= TASK =
Using the data below, return word for word every line from the one holding "do seu Android." down to the one holding "5. 如图所示,A、B、C三". Leave pictures out.

= MATERIAL PROVIDED =
--------

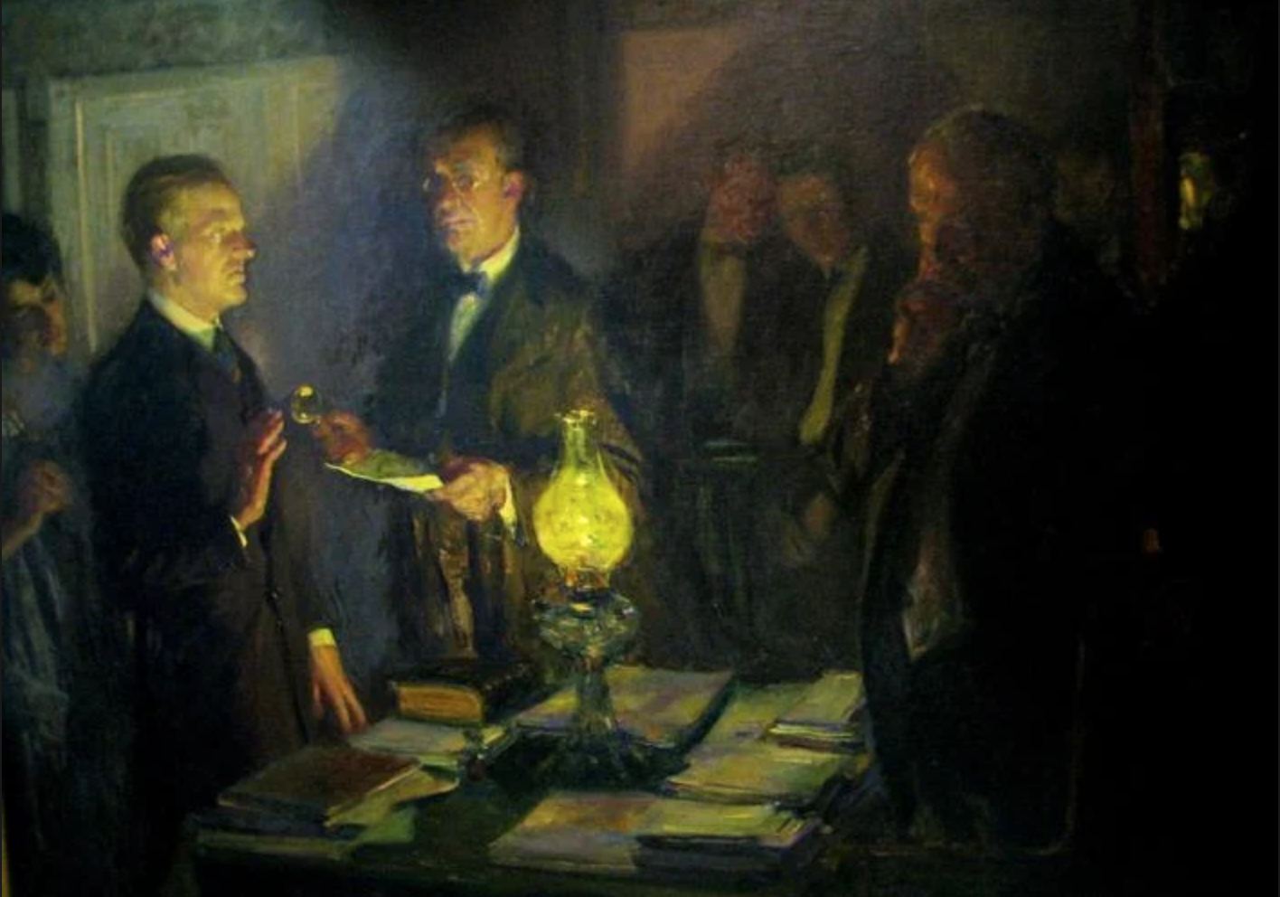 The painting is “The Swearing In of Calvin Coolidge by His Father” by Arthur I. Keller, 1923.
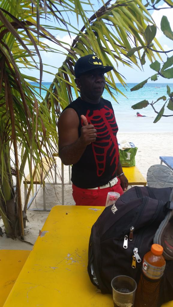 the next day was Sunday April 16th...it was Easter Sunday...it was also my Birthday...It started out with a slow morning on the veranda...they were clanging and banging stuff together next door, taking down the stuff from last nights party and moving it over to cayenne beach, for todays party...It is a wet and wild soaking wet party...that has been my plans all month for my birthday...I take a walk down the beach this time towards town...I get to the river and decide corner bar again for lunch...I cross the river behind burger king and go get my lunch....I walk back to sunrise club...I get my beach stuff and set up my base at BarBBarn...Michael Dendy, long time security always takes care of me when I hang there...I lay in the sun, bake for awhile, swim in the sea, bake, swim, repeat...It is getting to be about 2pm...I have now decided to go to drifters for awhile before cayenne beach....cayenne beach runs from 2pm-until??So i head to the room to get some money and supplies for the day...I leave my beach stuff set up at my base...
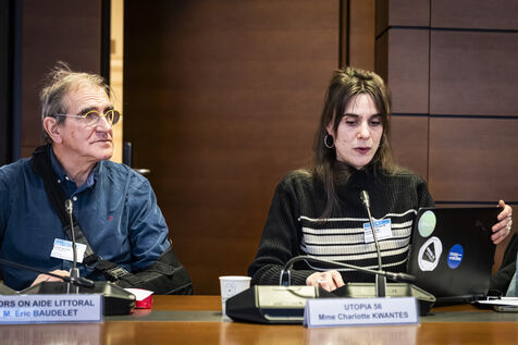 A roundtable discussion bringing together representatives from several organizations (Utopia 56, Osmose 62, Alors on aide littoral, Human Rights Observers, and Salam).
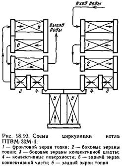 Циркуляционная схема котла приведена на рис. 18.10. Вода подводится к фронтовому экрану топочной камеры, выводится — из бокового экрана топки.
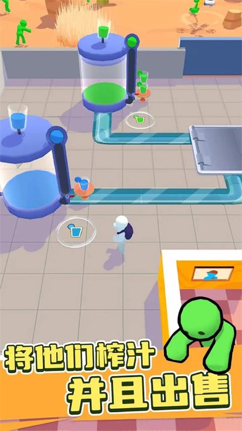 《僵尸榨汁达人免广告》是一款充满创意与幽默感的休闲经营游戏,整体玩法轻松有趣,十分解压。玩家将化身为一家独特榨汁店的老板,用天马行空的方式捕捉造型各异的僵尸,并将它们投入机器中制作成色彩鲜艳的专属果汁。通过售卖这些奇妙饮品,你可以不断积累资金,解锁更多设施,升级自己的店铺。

--------

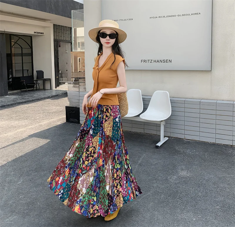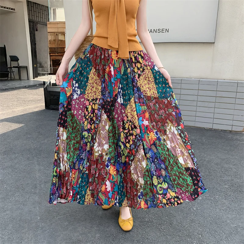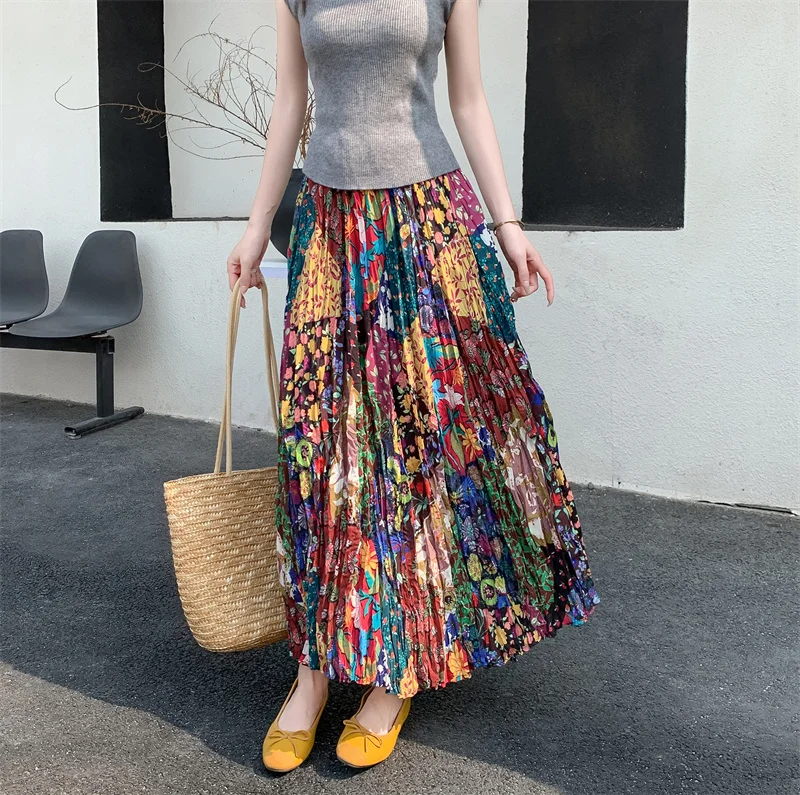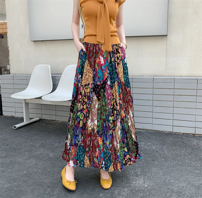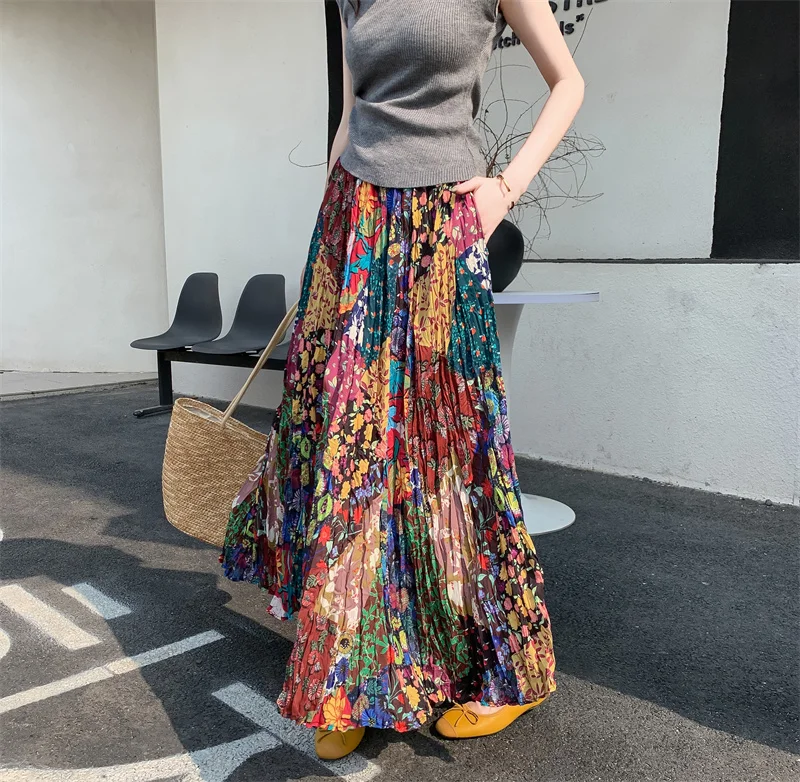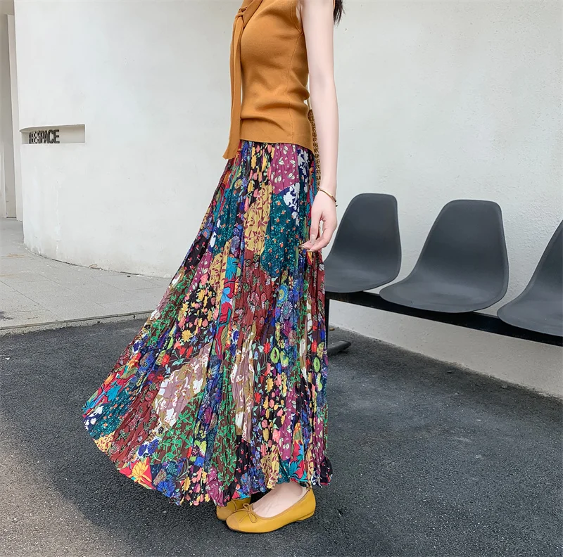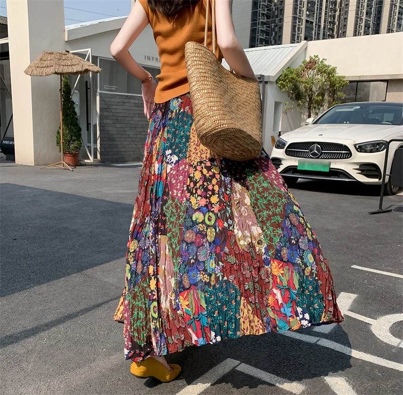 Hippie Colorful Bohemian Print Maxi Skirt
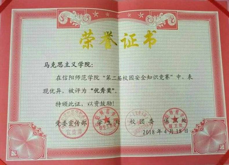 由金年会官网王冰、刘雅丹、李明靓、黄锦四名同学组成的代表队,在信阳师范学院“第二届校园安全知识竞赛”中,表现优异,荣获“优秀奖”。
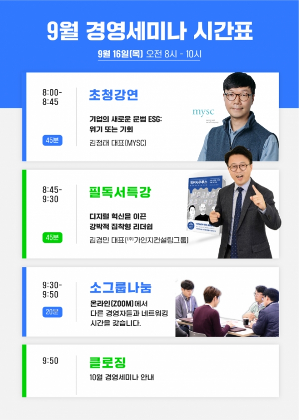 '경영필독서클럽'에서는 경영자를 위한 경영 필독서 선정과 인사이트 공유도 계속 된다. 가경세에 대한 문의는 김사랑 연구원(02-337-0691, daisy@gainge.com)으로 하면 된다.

--------

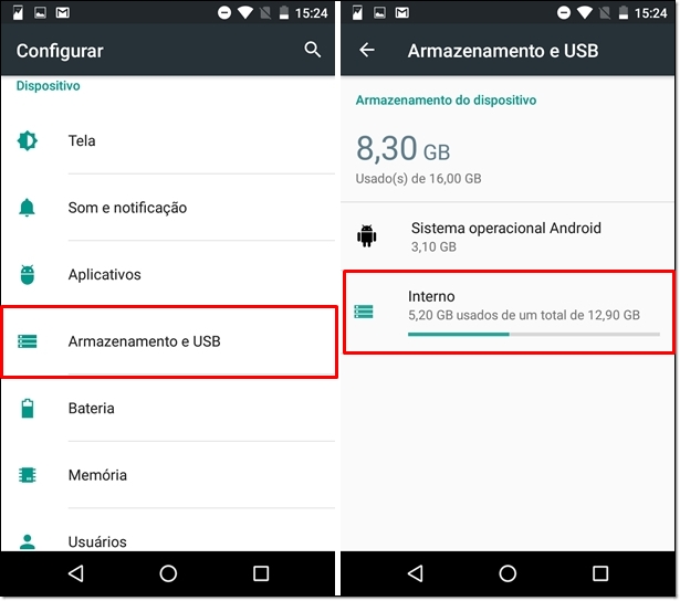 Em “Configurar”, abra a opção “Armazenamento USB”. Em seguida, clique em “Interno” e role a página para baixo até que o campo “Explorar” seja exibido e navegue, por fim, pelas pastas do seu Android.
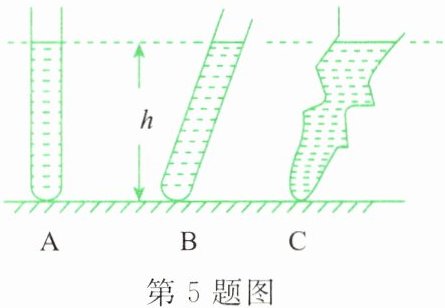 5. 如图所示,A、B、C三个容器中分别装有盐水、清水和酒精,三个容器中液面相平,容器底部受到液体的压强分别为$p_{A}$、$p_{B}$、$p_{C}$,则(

--------

= ANSWER BELOW =
 Em “Configurar”, abra a opção “Armazenamento USB”. Em seguida, clique em “Interno” e role a página para baixo até que o campo “Explorar” seja exibido e navegue, por fim, pelas pastas do seu Android.
 5. 如图所示,A、B、C三个容器中分别装有盐水、清水和酒精,三个容器中液面相平,容器底部受到液体的压强分别为$p_{A}$、$p_{B}$、$p_{C}$,则(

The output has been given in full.